Work to be completed: No pictures in the copy. Write out the listing below exactly.
==== Data ====
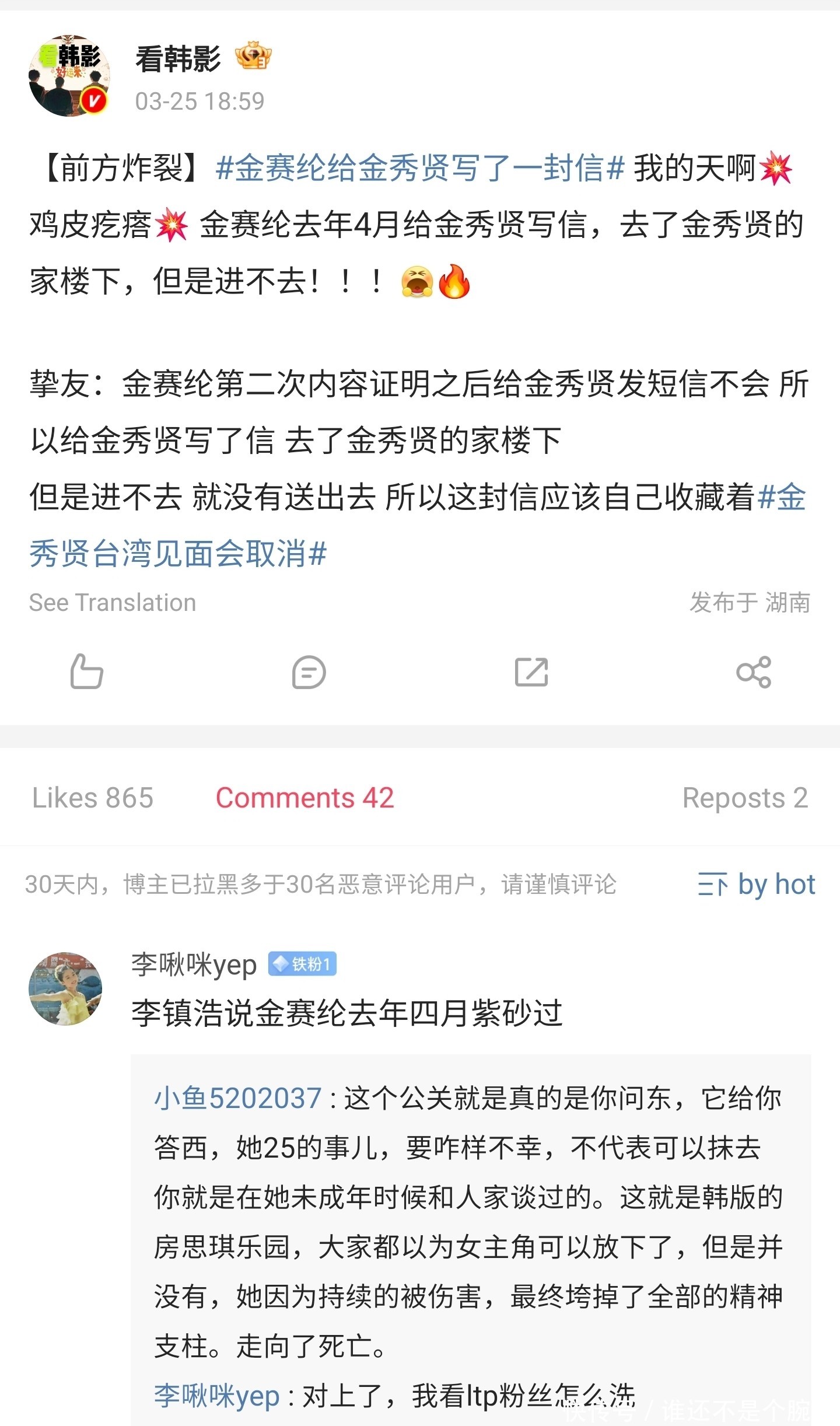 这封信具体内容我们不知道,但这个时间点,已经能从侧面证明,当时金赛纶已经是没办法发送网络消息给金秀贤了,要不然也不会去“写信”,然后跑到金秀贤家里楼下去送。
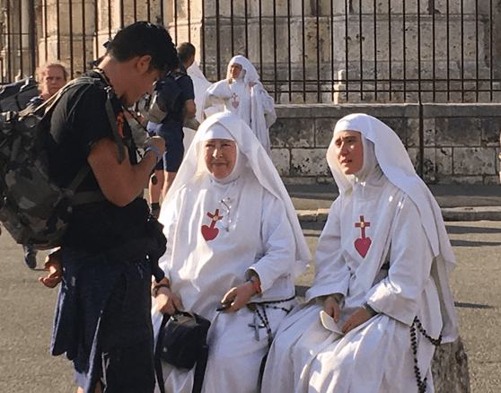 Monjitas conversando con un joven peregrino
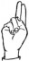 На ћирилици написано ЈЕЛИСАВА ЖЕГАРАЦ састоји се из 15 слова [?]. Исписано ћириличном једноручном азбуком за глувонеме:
====
Solution for this task:
 这封信具体内容我们不知道,但这个时间点,已经能从侧面证明,当时金赛纶已经是没办法发送网络消息给金秀贤了,要不然也不会去“写信”,然后跑到金秀贤家里楼下去送。
 Monjitas conversando con un joven peregrino
 На ћирилици написано ЈЕЛИСАВА ЖЕГАРАЦ састоји се из 15 слова [?]. Исписано ћириличном једноручном азбуком за глувонеме:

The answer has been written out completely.